Titanium (Ti): 0.005~0.05%

Titanium (Ti) is an effective element to inhibit the growth of austenite grains in the form of TiN by combining with N during reheating of the slab. When the content of titanium (Ti) is less than 0.005%, the austenite grains are coarsened to reduce the low-temperature toughness, whereas when the content exceeds 0.05%, coarse Ti-based precipitates are formed, thereby reducing the low-temperature toughness. .

Accordingly, the content of titanium (Ti) may be 0.005 to 0.05%. In particular, in terms of low-temperature toughness, it may be more preferably 0.005 to 0.03%.

One or more of Cr, Ni, Mo and V may be included to secure strength and low-temperature toughness. Since the cooling rate decreases as the thickness of the steel sheet increases, the type and amount included may be increased according to the increase in the thickness.

Chromium (Cr): 0.05~0.3%

Chromium (Cr) is an element that is dissolved in austenite during reheating of the slab to increase the hardenability of the steel and contribute to securing the strength of the steel sheet. If the content of chromium (Cr) is less than 0.05%, the above-described effects cannot be secured, whereas if the content exceeds 0.3%, there is a problem in that low-temperature toughness and weldability are deteriorated.

Accordingly, the content of chromium (Cr) may be 0.05 to 0.3%. More preferably, it may be 0.1 to 0.25%.

Nickel (Ni): 0.05-0.3%

Nickel (Ni) is an element that improves the toughness of steel and is added to increase the strength of steel without deterioration of low-temperature toughness. If the content of nickel (Ni) is less than 0.05%, there is no effect of increasing the strength due to the addition, whereas if it exceeds 0.3%, the cost due to the addition increases.

Accordingly, the content of nickel (Ni) may be 0.05 to 0.3%. More preferably, it may be 0.1 to 0.25%.

Molybdenum (Mo): 0.02~0.2%

Molybdenum (Mo) is an element having a similar or more active effect to Cr, and serves to increase the hardenability of steel and increase the strength of steel. If the content of molybdenum (Mo) is less than 0.02%, it is difficult to secure the hardenability of steel, whereas if the content exceeds 0.2%, an upper bainite structure is formed, resulting in a problem in that low-temperature toughness is weakened.

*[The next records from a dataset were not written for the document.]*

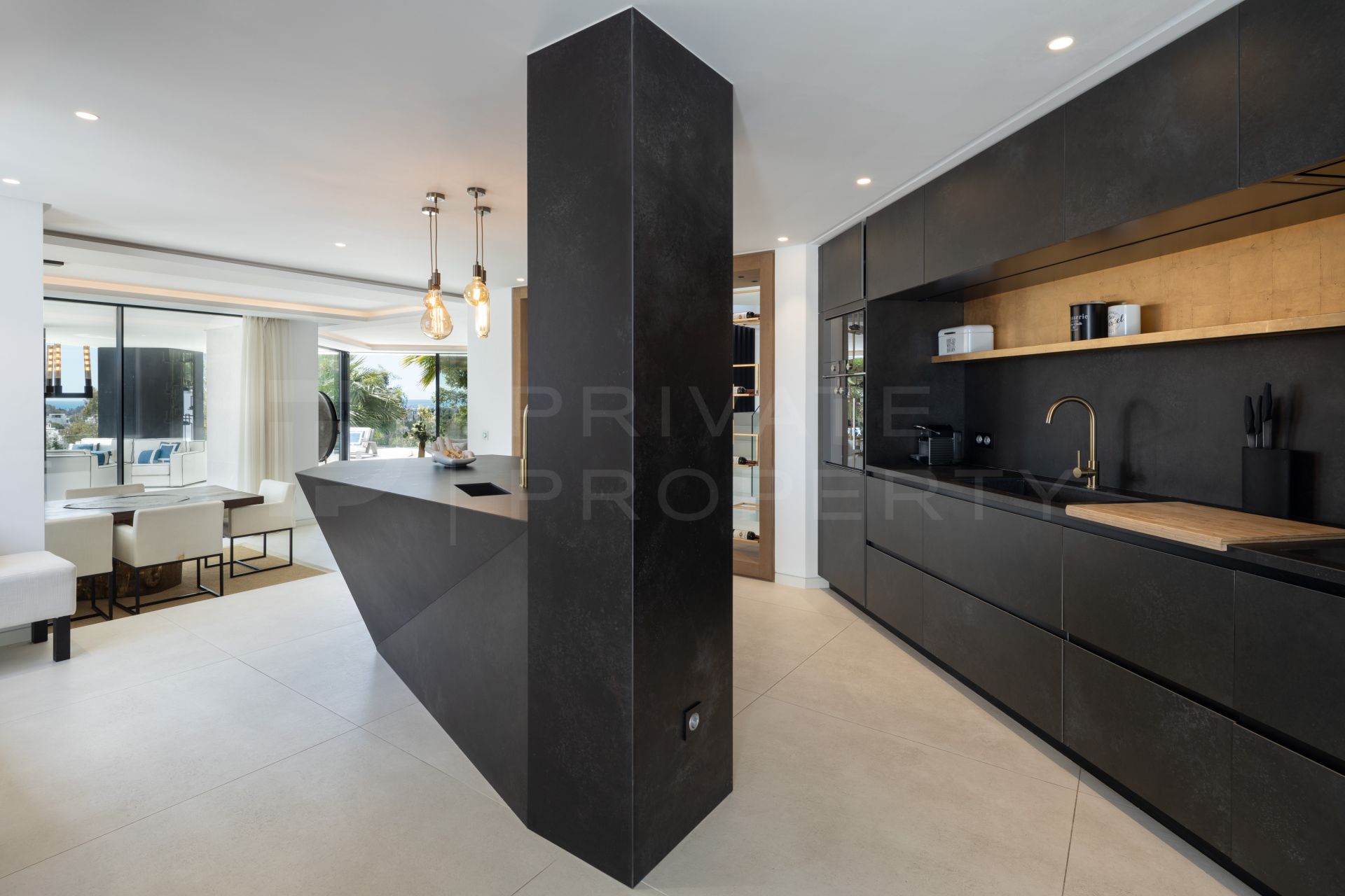 The open-plan living areas are designed to maximise natural light and provide seamless transitions between indoor and outdoor spaces, with large windows framing unobstructed views of the Mediterranean Sea The villa features five spacious bedrooms and six en suite bathrooms as well as two additional guest cloakrooms. Each room is adorned with bespoke furniture by Omeo Design, creating a cohesive and elegant aesthetic throughout the home.The kitchen is a standout feature, equipped with high-end Snaidero cabinetry, a brand associated with Ferrari designer Paolo Pininfarina, and designed in collaboration with Omeo Design. This space combines functionality with sleek, modern design, ideal for both everyday living and entertaining.
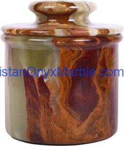 Multi Brown Onyx Stone Butter Dish with Lid
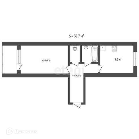 Общая площадь 38.7 м2
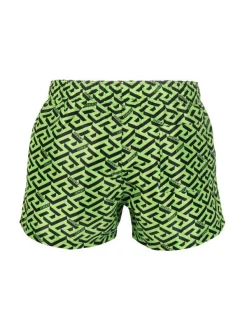 ( Nouvelle Collection ) Versace 5G110 NEON GREEN+ BLACK Short De Bain à Imprimé Greca Homme
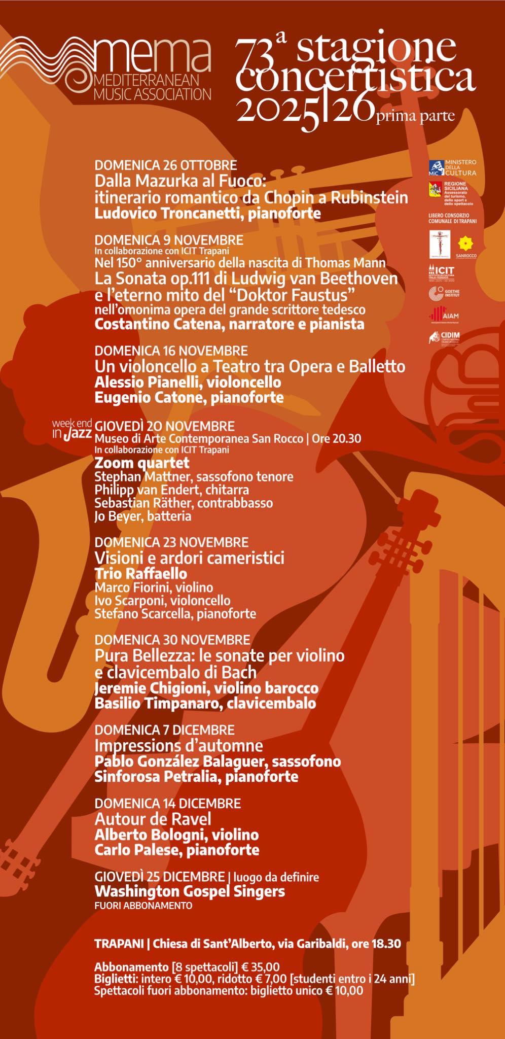 TRAPANI - Domenica 26 ottobre alle 18.30, nella Chiesa di Sant’Alberto a Trapani, si apre la 73ª stagione concertistica della Mema con il recital pianistico “Dalla Mazurka al Fuoco: itinerario romantico da Chopin a Rubinstein”. Protagonista della serata sarà il pianista Ludovico Troncanetti, impegnato in un percorso musicale che attraversa il romanticismo europeo.

Accordingly, the content of molybdenum (Mo) may be 0.02 to 0.2%. More preferably, it may be 0.05-0.12%.

Vanadium (V): 0.005-0.1%

Vanadium (V) is an element that increases the strength by increasing the hardenability of steel. If the content of vanadium (V) is less than 0.005%, it has no effect on increasing hardenability, whereas if the content exceeds 0.1%, low-temperature toughness decreases due to excessive precipitation and the cost of alloying elements increases.

Accordingly, the content of vanadium (V) may be 0.005 to 0.1%. More preferably, it may be 0.005 to 0.05%.

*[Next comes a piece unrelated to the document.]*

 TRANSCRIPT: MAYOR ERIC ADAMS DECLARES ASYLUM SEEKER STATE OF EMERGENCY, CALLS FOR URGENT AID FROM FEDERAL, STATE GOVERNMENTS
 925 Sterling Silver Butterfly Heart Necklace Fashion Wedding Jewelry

The steel of the present invention may include the remaining iron (Fe) and unavoidable impurities in addition to the above-described composition. Since unavoidable impurities may be unintentionally incorporated in a normal manufacturing process, they cannot be excluded. Since these impurities are known to any person skilled in the art of steel manufacturing, all details thereof are not specifically mentioned in the present specification.

Hereinafter, the steel microstructure of the present invention will be described in detail.

In the present invention, unless otherwise specified, the microstructure is based on area%.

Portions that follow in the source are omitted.